British writer (born 1954)

Peter Parker (born 2 June 1954) is a British biographer, historian, journalist and editor. He was elected a Fellow of the Royal Society of Literature in 1997.

== Life and career ==

=== Education ===

Parker was born to Edward Parker and Patricia Sturridge on 2 June 1954 in Herefordshire in the West Midlands of England. He attended the Downs Malvern in Colwall and Canford School in Dorset, and read English literature at University College London.

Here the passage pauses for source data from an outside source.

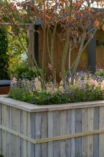 Dark green raised beds in this Landform Mental Wealth Garden designed by Nicola Hale. It also has hazel and willow fencing – seen in several gardens at RHS Hampton Court 2023, because these are sustainable materials.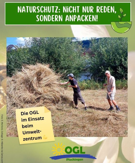 Das war das Motto, als wir uns am Morgen des 12. Juli mit einem kleinen, aber hochmotivierten Team am Umweltzentrum Neckar-Fils trafen, um bei der Vorlandpflege im Bruckenwasen zu unterstützen. Das Gras, das zuvor mit einem Balkenmäher gemäht worden war, musste zusammengerecht und aufgehäuft werden, so dass es anschließend abtransportiert werden konnte. Dadurch soll eine Überdüngung verhindert und so die spezifische Vegetation der ufernahen Wiese erhalten werden. Gleichzeitig sammelten wir leere Flaschen, Hundekot-Beutel und anderen auf der Wiese herumliegenden Unrat auf.
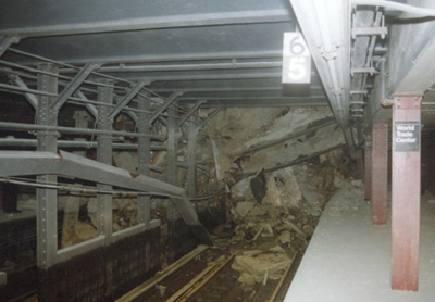 When I lived in New York, I used to travel from Queens to Jersey City every Sunday to play music with my friends Darrell and Bruce. It was the best part of my week. When I made it to the World Trade Center subway station, I always felt a little better because fun was just a PATH ride away. The WTC station was nifty too-- the underground mall, the half-attractive artsy inlays, the rumble of the downtown A going by. The Commuter Bar, entirely decorated in beige naugahyde and aged winos. Loved it, loved it.

He began a career in literary journalism while working in the Design Centre's bookshop in the 1980s, contributing regular book reviews to Gay News and The London Magazine. He published a number of short stories in The London Magazine, Fiction, Critical Quarterly and three PEN/Arts Council anthologies.

=== Books ===
Parker subsequently turned to writing non-fiction, and his first book, The Old Lie: The Great War and the Public-School Ethos was published by Constable in 1987. A paperback edition, with a new introduction, was published by Bloomsbury in 2007.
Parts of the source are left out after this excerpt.